The institutions of Irish and globalised life, of the two states on the island and their international interactions, are brilliantly visualised here by photographers as diverse as Mark Curran, Noel Bowler, Ailbhe Ní Bhriain, Fiona Hackett and David McIlveen. Ní Bhriain’s video works are a particular joy and it’s good to see the crossover into video included. Vukašin Nedeljković’s crucial work on Direct Provision (as an institutional setting) is included, and ‘Images Are All We Have’ integrates work which interrogates and understands the lives of relatively recent immigrant populations into Ireland, via the photography of Ala Buisir, Ieva Baltaduonyte and Olamide Ojegbenro.
While ‘Images Are All We have’ is the centrepiece of the festival, it is surrounded by a vibrant sense of other possibilities via other projects. PhotoIreland continues to support emerging artists through the New Irish Works programme. Alan Butler’s 2017 video installation, On Exactitude in Science (alluding to the short story written by Jorge Luis Borges in 1946) was also on show in The Printworks – a stunning dual-screen production with Godfrey Reggio’s Koyaanisqatsi (1982) on one screen and Butler’s remake, using the virtual world of gaming, on the other. It’s unsettling and brilliant. Amongst the other satellite exhibitions was Daragh Soden’s ‘Ladies & Gentleman’ in Rathfarnham Castle, which cleverly and compassionately inserts layers of seeing and being seen into the visualisation and performance of drag.

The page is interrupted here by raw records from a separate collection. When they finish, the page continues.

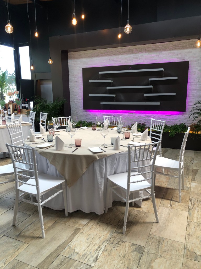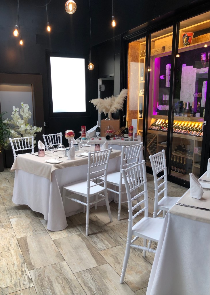 Una decoración con toques industriales con presencia de metal en columnas y techo y un moderno mobiliario, originales sillas en tono blanco y la madera en el solado que junto con las mesas vestidas le da una cierta calidez al conjunto.
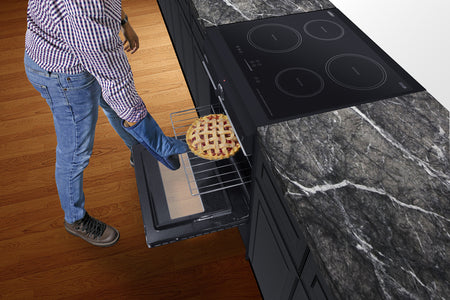 Model TEM665CW brings precise and efficient cooking to smaller kitchen spaces with a 24" footprint. The cooking surface features four induction zones, while the large electric oven offers nearly 3 cu.ft. of cooking space for baking and broiling. This unit comes in a jet black finish and no rear backguard for a slide-in look. It has a recessed oven door and is conveniently sized at just 24" deep for a better fit in galley in L-shaped kitchens, where every inch counts. A towel bar handle in brushed stainless steel provides an added touch of style to the oven door. This range requires professional installation with a standard 40 amp 3 or 4-prong cord.
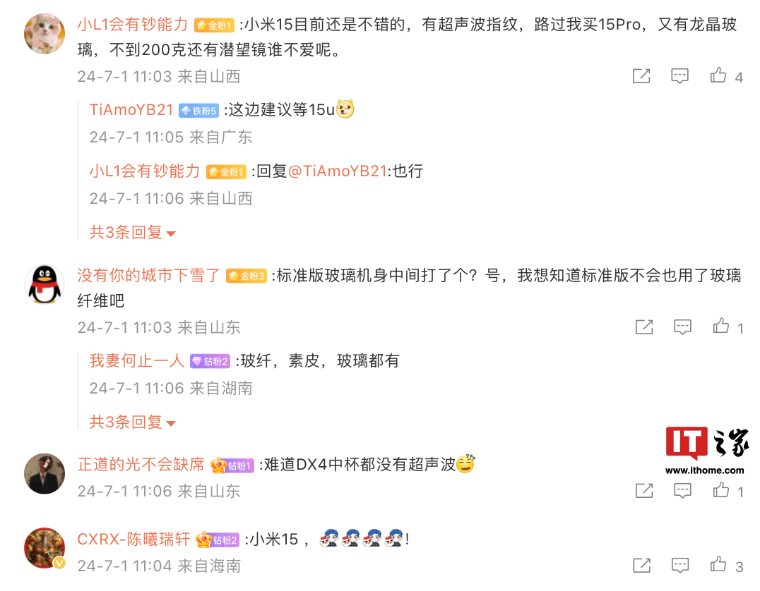 IT之家参考评论区获悉,这款手机有望为小米 15 标准版。
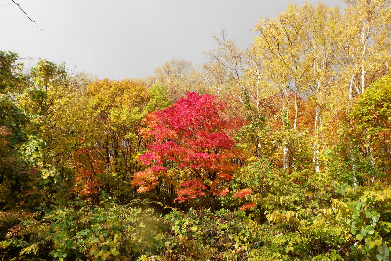 背景のシラカンバの黄葉がここ2日で一気に散ってしまいました。
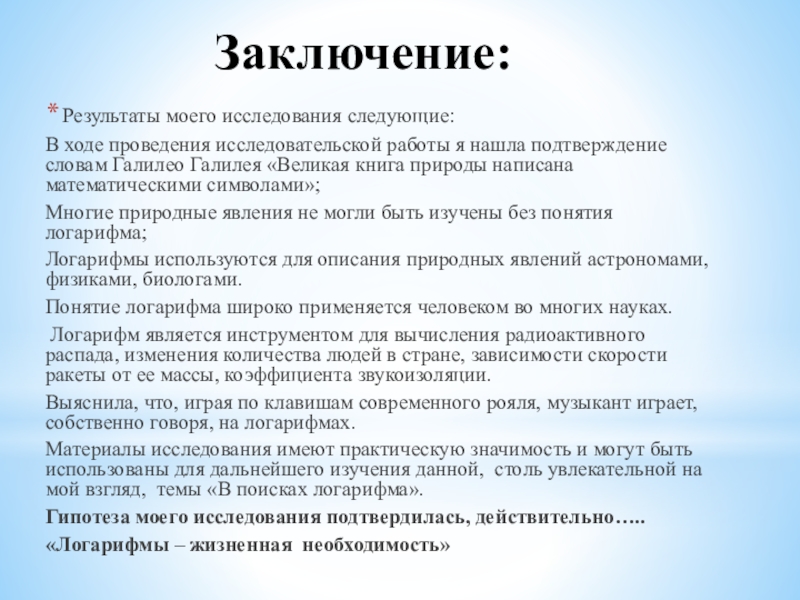 Многие природные явления не могли быть изучены без понятия логарифма;

The PhotoIreland Festival 2022 shows what photography in Ireland has become. At its centre is the most comprehensive survey yet undertaken of the past decades of photography on the island. Let’s hope it’s an indication of what could be, and that the temporary Museum of Contemporary Photograph of Ireland becomes something permanent, and as generous and capacious as this festival.
Colin Graham is Professor and Head of English at Maynooth University.